Certes, l’AMP impose des limites légales aux programmes préférentiels, comme les programmes qui réservent des contrats en exerçant une discrimination entre les entreprises en fonction de leur pays d’origine. Ces programmes ne sont pas vraiment propices à une participation accrue des WBE aux marchés publics mondiaux étant donné qu’ils bénéficient uniquement aux WBE nationales et aux marchés publics nationaux. À l’inverse, les mesures telles que les formations préparant les WBE à réussir à remporter des marchés publics nationaux et internationaux (des cours ne portant pas uniquement sur les appels d’offres nationaux) qui peuvent être très utiles aux WBE, sont généralement autorisées. De même, lorsque les marchés nationaux doivent être utilisés comme ‘tremplins’ pour améliorer la participation ultérieure aux marchés publics internationaux, il importe de noter que l’AMP s’applique uniquement aux contrats dont la valeur dépasse les niveaux de seuil définis dans l'Accord. Ces seuils étant relativement élevés, de nombreux contrats de valeur inférieure qui pourraient être attrayants pour les WBE plus modestes ne sont pas visés par les règles de l’AMP.

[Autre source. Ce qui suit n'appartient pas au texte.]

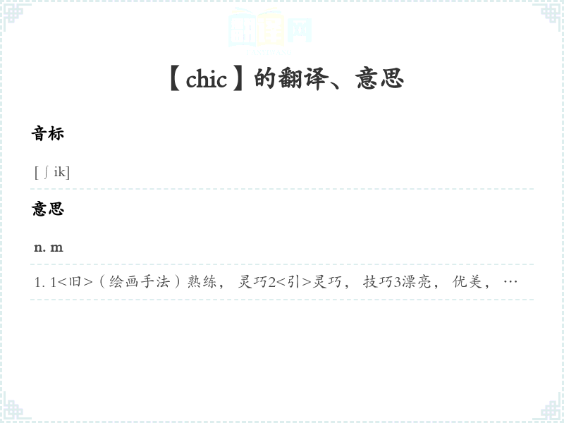 1<旧>(绘画手法)熟练, 灵巧2<引>灵巧, 技巧3漂亮, 优美, 雅致, 别致, 潇洒avoir du chic 很漂亮,很潇洒manquer de chic 不雅致4欢呼, 喝彩, 鼓掌[学生语]引>旧>adj. inv.1漂亮的, 雅致的, 别致的, 潇洒的2<口>美好的3<口>慷慨的, 大方的, 热心的口>口>interj.<口>太美了!太好了!口>de~adv. [短语]<旧>不加准备地, 即兴地旧>il exécutait ses œuvres de chic (Daudet)他总是胸有成竹地完成自己的作品(都德)
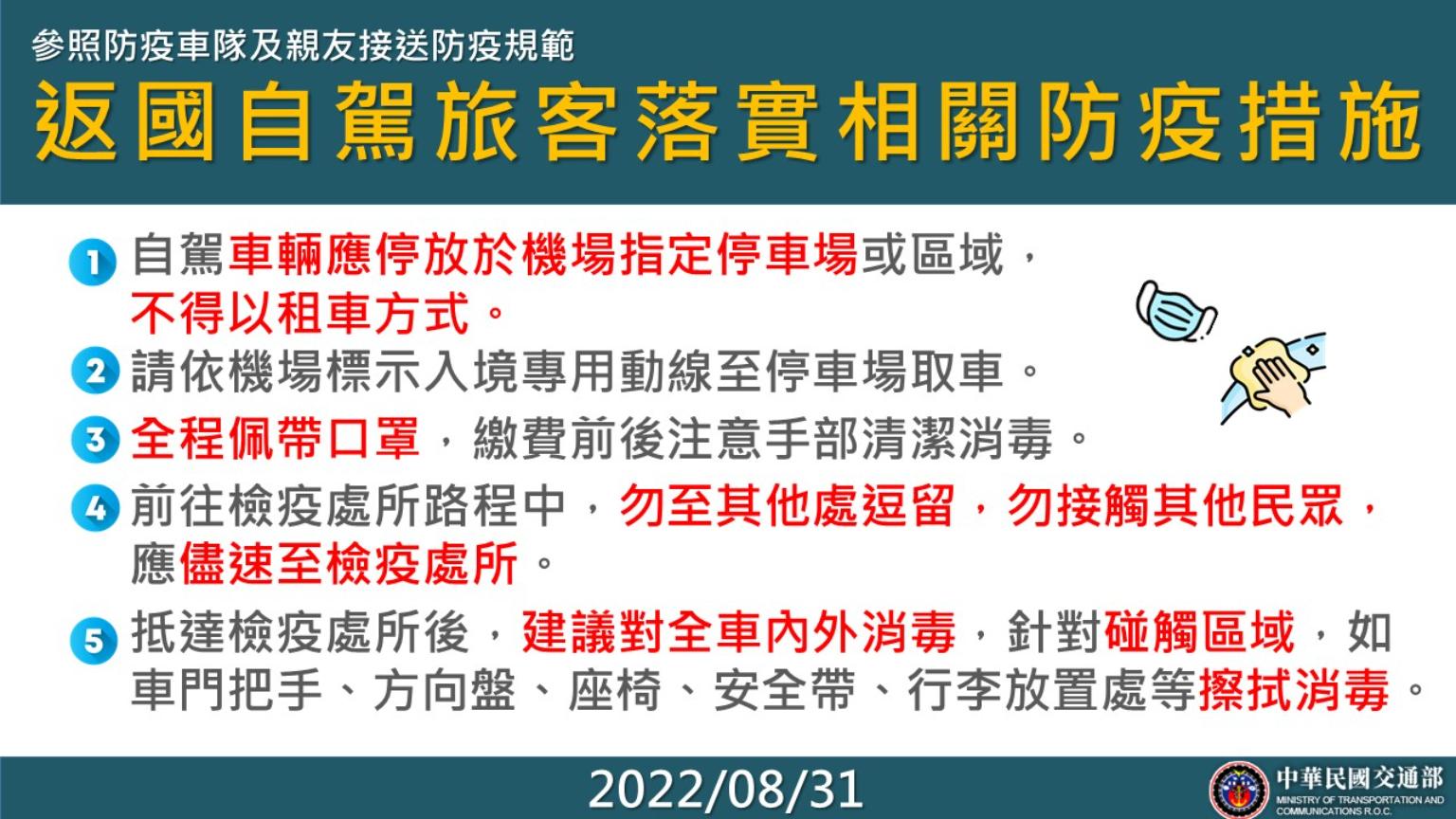 9月1日起,開放入境旅客可自行駕車前往檢疫處所,請返國欲自行開車前往檢疫處所之旅客務必遵守中央流行疫情指揮中心所訂之各項防疫規範,依機場指定動線至停車場取車,並儘速至檢疫處所,共同嚴守社區防線。

Enfin, même lorsque des entreprises n’appartenant pas à des femmes décrochent d’importants contrats au-delà des seuils fixés au terme d’appels d’offres transparents et ouverts, cela ne signifie pas qu’aucun débouché ne s’offre aux WBE ou qu’ils n’ont aucune répercussion sur l’égalité hommes-femmes: les WBE peuvent être encouragées et dotées des moyens de soumissionner pour des sous-contrats, ce qui leur permet de gagner en expérience et en compétences. De plus, l’utilisation efficiente des ressources publiques obtenues par le biais de contrats ouverts et transparents peut avoir une incidence positive sur la parité et le développement par d’autres biais, par exemple elle permet au gouvernement de construire des hôpitaux, des écoles et d’autres infrastructures nécessaires à l’amélioration de la vie des femmes et au renforcement de leur participation dans la société. L’AMP et le respect de ses dispositions ont donc un effet positif sur la participation des WBE aux marchés publics, sur la parité, ainsi que sur le développement économique et social.

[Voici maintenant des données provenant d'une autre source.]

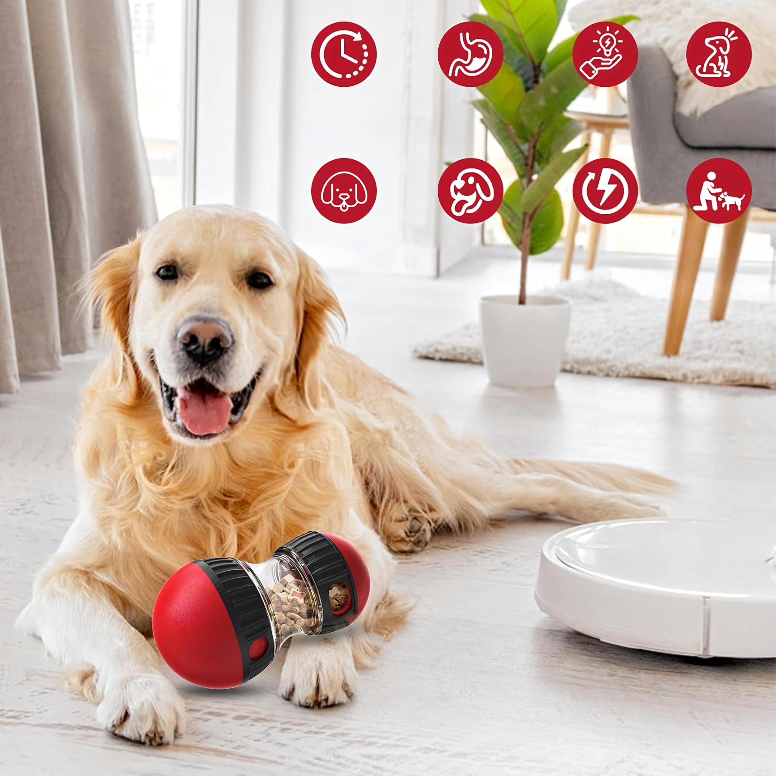 Tänu vastupidavale ABS-konstruktsioonile ja libisemisvastastele elementidele sobib mänguasi igapäevaseks kasutamiseks nii toas kui aias. Seda on lihtne täita, lahti võtta ja puhastada, mistõttu sobib see ideaalselt regulaarseks interaktiivseks toitmisrutiiniks ja koera vaimseks rikastamiseks.
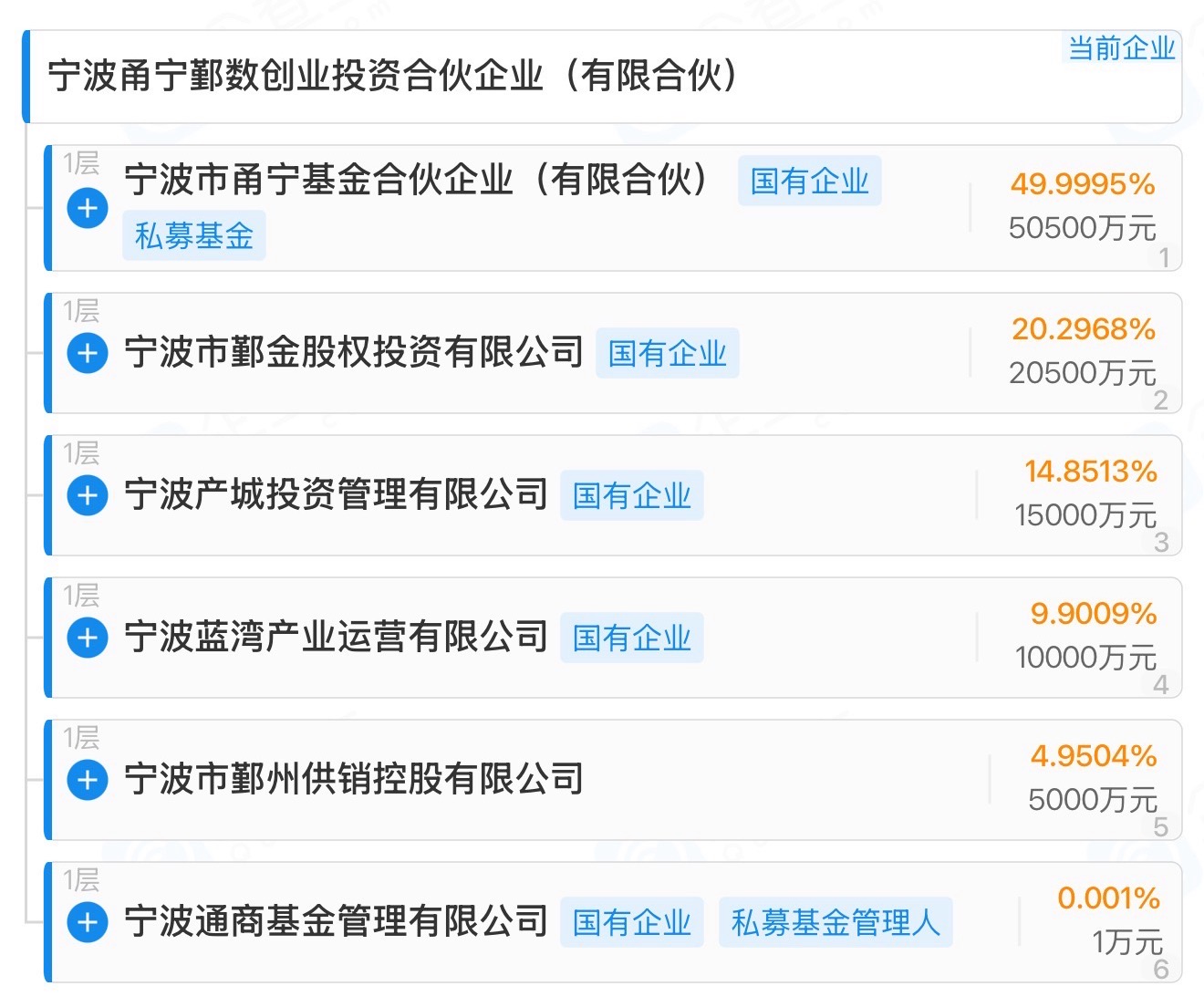 企查查显示,宁波甬宁注册成立于今年11月27日,注册资本10.1亿元人民币。出资方主要为宁波市国资和“通商基金系”,以及鄞州国资等。其中,宁波市甬宁基金合伙企业(有限合伙)出资5.05亿元,鄞州区合计出资5.05亿元(鄞金控股2.05亿元,鄞工集团1.5亿元,湾区集团1亿元,鄞州供销控股有限公司0.5亿元)。

Aujourd’hui, 14 Membres de l’OMC (l’UE étant considérée comme un pays) sont parties à l’AMP. De nombreux autres Membres – notamment en développement – peuvent donc encore y accéder. La Chine, la Jordanie, le Panama, l'Ukraine et plusieurs autres économies en développement sont en train de négocier leur accession à l’AMP. L’Inde, la Colombie, la Turquie et plusieurs autres Membres de l’OMC étudient les avantages et les coûts potentiels de l’accession à l’accord.

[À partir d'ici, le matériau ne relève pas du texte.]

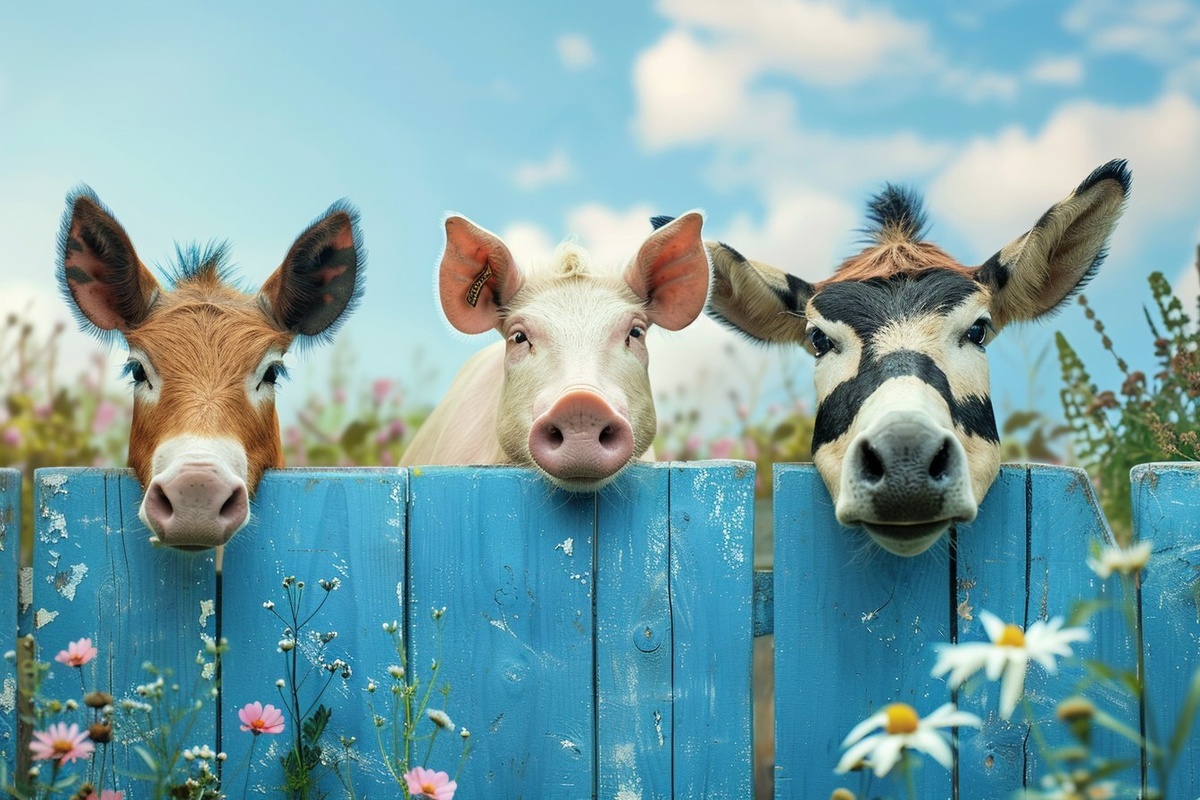Создано на основе запроса: a cute pig, a funny donkey, and a curious cow looking over a rustic blue wooden fence, flowers and grass in the
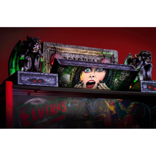 The Elvira’s House of Horrors Pinball Topper by Stern Pinball is an officially licensed, LED-illuminated accessory designed to enhance the visual appeal of your pinball machine. Featuring a dynamic “Deadhead Family Crypt” centerpiece flanked by animated gargoyle sculptures, this topper adds a theatrical flair to your game. It is compatible with all Stern pinball models and includes sound effects that synchronize with gameplay, providing an immersive experience.
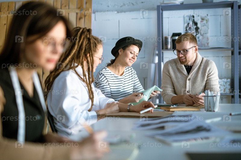 Группа творческих молодых дизайнеров или студентов, работающих над новым проектом
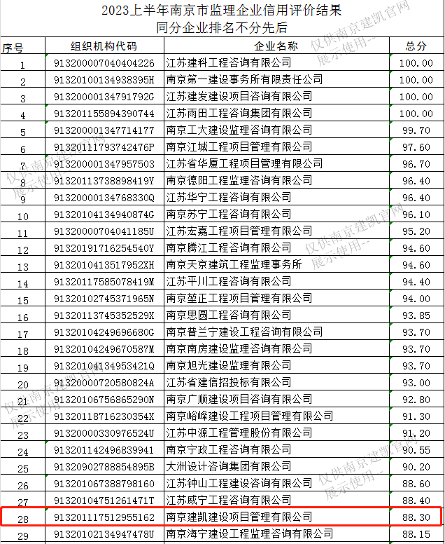 我司監(jiān)理企業(yè)在2023年上半年南京市建設(shè)工程監(jiān)理企業(yè)信用評價綜合得分88.30分
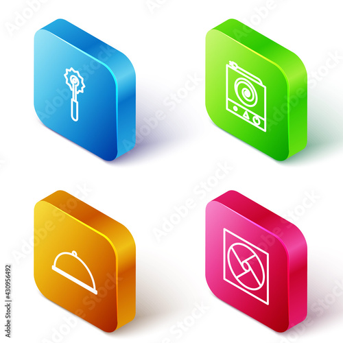 Set Isometric line Pizza knife, Electric stove, Covered with tray and Ventilation icon. Vector

En ma qualité de Directeur général de l’OMC, je me suis personnellement engagé à aider les gouvernements à élaborer des politiques commerciales qui permettent aux femmes de jouer un rôle plus important dans l’économie mondiale. Je pense que l’AMP peut, à cet égard, être un instrument de politique des plus utiles. Sa récente renégociation, couronnée de succès, qui a permis de le moderniser et d’élargir l’accès au marché qui en découle, a confirmé l’approche dynamique et progressive adoptée par les parties à l’AMP à l’heure d’utiliser l’accord pour améliorer le bien-être économique de leur pays. Son potentiel en termes d’amélioration de la participation des WBE aux marchés publics internationaux, de promotion de l’égalité hommes-femmes et de développement, ne devrait donc pas être négligé.